Fix \(r>0\) such that \(B_r(x) \cap B_\delta = \emptyset \) and let \(F \subset \mathbb {R}^d\) be any set such that \(\Omega _\gamma \triangle F \subset \!\subset B_r(x)\). Since \(\mathcal {E}_\gamma (\Omega _\gamma ) = \mathcal {F}_\gamma ^\lambda (\Omega _\gamma ) \leqslant \mathcal {F}_\gamma ^\lambda (F)\), using (3.3) we obtain that

$$\begin{aligned} {\mathcal {P}_{\mathbf {a}}}(\Omega _\gamma ) \leqslant {\mathcal {P}_{\mathbf {a}}}(F) + \omega |\Omega _\gamma \triangle F| \end{aligned}$$

for some constant \(\omega \) depending only on \(\gamma \) and \(\lambda \).

Let \(m :=\max \{ \mathbf {a}(y) :y\in B_r(x) \}\). Since \(\mathbf {a}\) is Lipschitz there exists a constant \(C>0\) such that \(\mathbf {a}(y) \geqslant m-Cr\) for all \(y\in B_r(x)\). Then

$$\begin{aligned} (m-Cr) \mathcal {P}(\Omega _\gamma ,B_r(x))&\leqslant {\mathcal {P}_{\mathbf {a}}}(\Omega _\gamma ,B_r(x)) \leqslant {\mathcal {P}_{\mathbf {a}}}(F,B_r(x)) + \omega |\Omega _\gamma \triangle F| \\&\leqslant m \mathcal {P}(F,B_r(x)) + \omega |\Omega _\gamma \triangle F|. \end{aligned}$$

Hence,

$$\begin{aligned} \mathcal {P}(\Omega _\gamma ,B_r(x)) \leqslant \mathcal {P}(F,B_r(x)) + Cr^d \end{aligned}$$

provided \(\mathcal {P}(\Omega _\gamma ,B_r(x)) \leqslant C r^{d-1}\).
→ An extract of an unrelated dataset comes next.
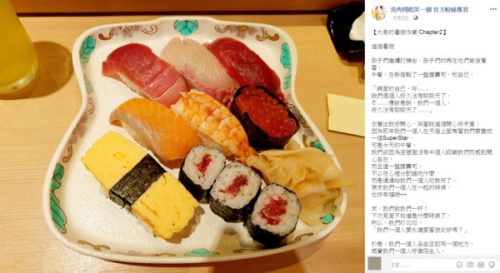 浩子第一站带家人飞往日本度假,孩子专心玩机台,老婆则负责在背后看守,独自在新宿吃午餐,握寿司端上桌后,他难得有时间和自己对话:“亲爱的自己,呼…我们俩个人好久没有聊聊天了,ㄜ…应该是说,我们一个人,好久没有聊聊天了…。”
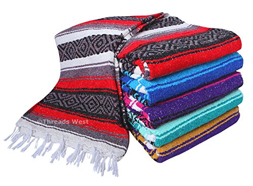 Threads West Premium Heavyweight Mexican Falsa Blanket, Serape Stripe Yoga Blanket

This establishes that \(\Omega _\gamma \) is an \(\omega \)-minimizer of the Euclidean perimeter in \(\mathbb {R}^d\backslash \overline{B_\delta }\).

It now remains to prove that \(\mathcal {P}(\Omega _\gamma ,B_r(x)) \leqslant C r^{d-1}\). Note that \(\Omega _\gamma \) satisfies the \(\varepsilon -\varepsilon ^{(d-1)/d}\) property given by (3.21) in Lemma 3.7. Let \(B^1\) and \(B^2\) be two disjoint balls, intersecting \(\partial ^* \Omega _\gamma \) in a set of positive \(\mathcal {H}^{d-1}\)-measure. Let \(C_1,\,C_2>0\) and \(0<\varepsilon _1,\varepsilon _2<1\) be the corresponding constants satisfying the conditions in (3.21). Take \(C=\max \{C_1,C_2\}\), \(\overline{\varepsilon } = \min \{\varepsilon _1,\varepsilon _2\}\), and \(\overline{r} = \min \big \{ (\overline{\varepsilon }/\omega _d)^{1/d}, {{\,\mathrm{dist}\,}}(B^1,B^2) \big \}\).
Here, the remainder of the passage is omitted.